Non, la dernière création de Julien Gosselin ne parle pas de la fin du monde. « Extinction » est un objet scénique difficile à appréhender, qui déborde tant et si bien que, noyés dans un tsunami de stimuli, on pourrait croire que l’apocalypse du théâtre vient de sonner. Mais le metteur en scène tisse en sourdine un filet de survie dans lequel l’inconscient du spectateur ne cesse de se prendre les pieds.
Spectacle en trois parties, il se revendique de plusieurs auteurs dont Arthur Schnitzler, Hugo von Hofmannsthal, et Thomas Bernhard en tête. Pourtant, tout commence par delà le langage articulé, tout commence par la mise en mouvement frénétique des corps. Pendant une petite heure, un dj set permet à ceux qui le souhaitent de danser, une bière à main, se pensant pour un temps dans une soirée berlinoise, à la fois branchée et cheap. Les autres, assis à leur place regardent vaguement cette fête comme un prélude agité et sans forme, et les derniers, dans un entre-deux indécis, restent sur le plateau et observent à la fois ceux qui dansent et ceux qui sont dans les gradins. Commencer par un espace qui casse tous les codes du théâtre est une façon radicale d’imposer sa vision du monde. Pourtant, le théâtre dans sa forme basique, – des acteurs et un dialogue – surgit à la toute fin de cette première partie, un échange de quelques minutes volé au bruit et à la fureur suffit à justifier l’ensemble du dispositif. L’irruption du théâtre saisit le spectateur et démontre avec maestria la supériorité du drame sur la transe.

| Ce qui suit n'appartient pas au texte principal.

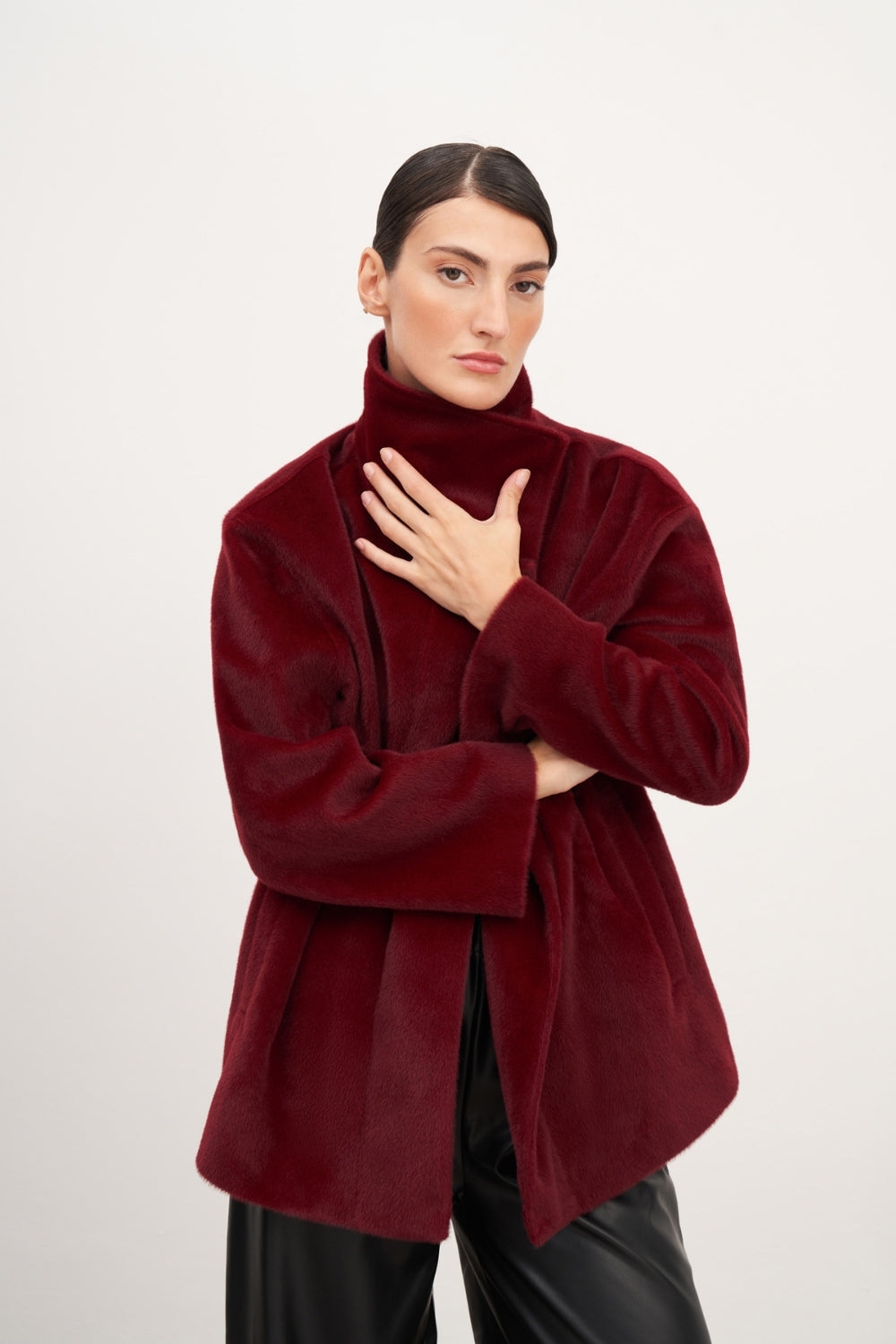WINGCOTT Bordo Alpaka Yüksek Yaka Kaban
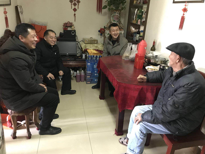 在離休干部袁道甫家,李書記和汪總同袁老進(jìn)行了親切的交談,仔細(xì)詢問了他的身體狀況及家庭生活情況,叮囑他要保重身體,同時將慰問金送到了袁老手中,并送上了公司及全體在職員工對于離退休老同志的節(jié)日問候及新春祝福!
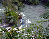 その右岸側の水流。 最終的に、この奥に飛び込んで人間は脱出。 (実は飛び込む際に足を滑らせて、ちょっとヤバかった。) 100m 以上流されないと上陸できそうな瀞場はない。 |
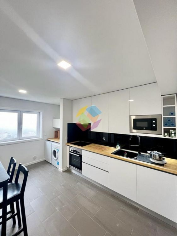 Apartamento T2 em Sanfins no terceiro e último andar..Apartamento de tipologia T2 com boas áreas e excelentes acabamentos..Composto por cozinha equipada c/eletrodomésticos encastráveis como placa de indução, forno, micro-ondas, exaustor, móveis termo-laminados lacados a branco,..- Sala com lareira e com instalação de ar condicionado, acesso a varanda, hall de entrada, .- Quartos com roupeiros embutidos, sendo que a suite tem instalação de ar condicionado,.- Caixilharia em PVC, com vidro duplo e oscilobatente,.- Tetos falsos com iluminação led embutida.- Estores elétricos, .- Garagem fechada..Imóvel com pré-instalação de aspiração central, pavimento flutuante...Excelente localização, com bons acessos N1, ...A Cubic Opportunity Mediação Imobiliária, Unipessoal, Lda. foi criada em 2014 com o objectivo de prestar um serviço especializado e abrangente em várias áreas, todas elas interligadas e dependentes, tais como imobiliária, financeira, obras, seguros e gestão, com o único intuito da máxima satisfação do cliente, uma vez que acompanhamos directamente todo o processo do início ao fim..Formada por quadros licenciados em Gestão pela Faculdade de Economia da Universidade do Porto, e por consultores externos especializados, através de parcerias com as melhores empresas do sector e especialistas em diferentes áreas, a Cubic Oppotunity mostra um serviço diferenciador, inovador e multifacetado permitindo desta forma obter sempre as melhores soluções...Marque já a sua visita.913 017 101..AMI 10354
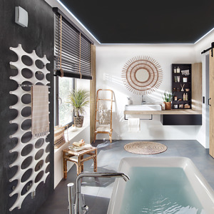 Ausführung mit Bewegungsmelder: Barrierefreies Produkt, da automatisches Ein- / Ausschalten über Bewegungssensor. Alle 4 Betriebsprogramme wählbar. Reihenfolge der Leistungsstufen erfolgt je nach gewähltem Betriebsprogramm. Betrieb ohne Schalter möglich, optional zusätzlich über separaten Schalter schaltbar. Keine Einschaltverzögerung. Nachlaufzeit stufig über leicht zugängliche Taster einstellbar: 0/8/17/25 min. Eingestellte Zeit wird mittels LEDs während der Einstellung angezeigt. Reichweite des Bewegungsmelders: 5 m. Horizontaler Erfassungsbereich des Bewegungsmelders: 100°. Vertikaler Erfassungsbereich des Bewegungsmelder: 82°. Verdeckte Ansaugung, mit elektrisch betätigtem Innenverschluss. Nicht drehzahlsteuerbar. Betriebsprogramme, Einstellbar über Jumper im Gerät. Komfortprogramm (voreingestellt), Benutzer anwesend: Stufe 1, Nachlaufzeit: Stufe 2, Nachtprogramm, Benutzer anwesend: Stufe 2, Nachlaufzeit: Stufe 1, Sparprogramm, Benutzer anwesend: Stufe 1, Nachlaufzeit: Stufe 1, Powerprogramm, Benutzer an

La dramaturgie fonctionne alors comme un entonnoir : la masse dodelinante et anonyme laisse place à une fête bourgeoise, un dîner entre amis dans la Vienne d’avant guerre. Tous sont beaux, cultivés, aisés, tous pressentent la fin de leur temps mais à l’action, choisissent sciemment le déni. Nous voilà donc plongés dans un huis clos eschatologique qui ne se laisse approcher que par écran interposé. Le public, comme le monde qui gronde, est ignoré, réduit à être les spectateurs de leurs derniers instants. La position dans laquelle nous contraint le metteur en scène est délicate, tout comme les observateurs des corps dansants de la première partie, nous sommes les observateurs impuissants de l’inéluctable. Les corps viennent à nous manquer, les acteurs se refusent et leurs absences provoquent automatiquement un désir décuplé. On reconnait là le talent de Julien Gosselin à créer des traboules ; en coinçant l’acteur derrière la caméra, il provoque une envie de théâtre que certains exprimeront par un ennui et d’autre par une attente.
L’entonnoir finit de se restreindre dans une troisième partie plus énigmatique. Dans une forme conférence convenue, une actrice recourbée sur sa douleur ânonne le texte de Bernhard qui prête son titre au spectacle. Sans relief, elle alourdit de mélancolie ce propos qui est pourtant pétri de colère et d’ironie. Seule en scène, sans un regard vers la salle, elle sonne le glas des festivités et retire toute once d’intention comme pour finir de vider la moelle des vieux os théâtreux. Après plus de 4 h de frustration en tout genre, l’apothéose volontairement terne et éteinte de cette dernière heure achève toute résistance, c’est un spectacle qui s’endure comme une course en montagne et le dernier col est ardu et monotone.
Non, « Extinction » n’est pas un spectacle sur la fin du monde mais un geste artistique qui s’épuise et qui marque sans doute la fin d’un cycle pour le metteur en scène. Comme les vierges sages dans la parabole biblique, nous restons en veille, guettant les signes de la prochaine résurrection.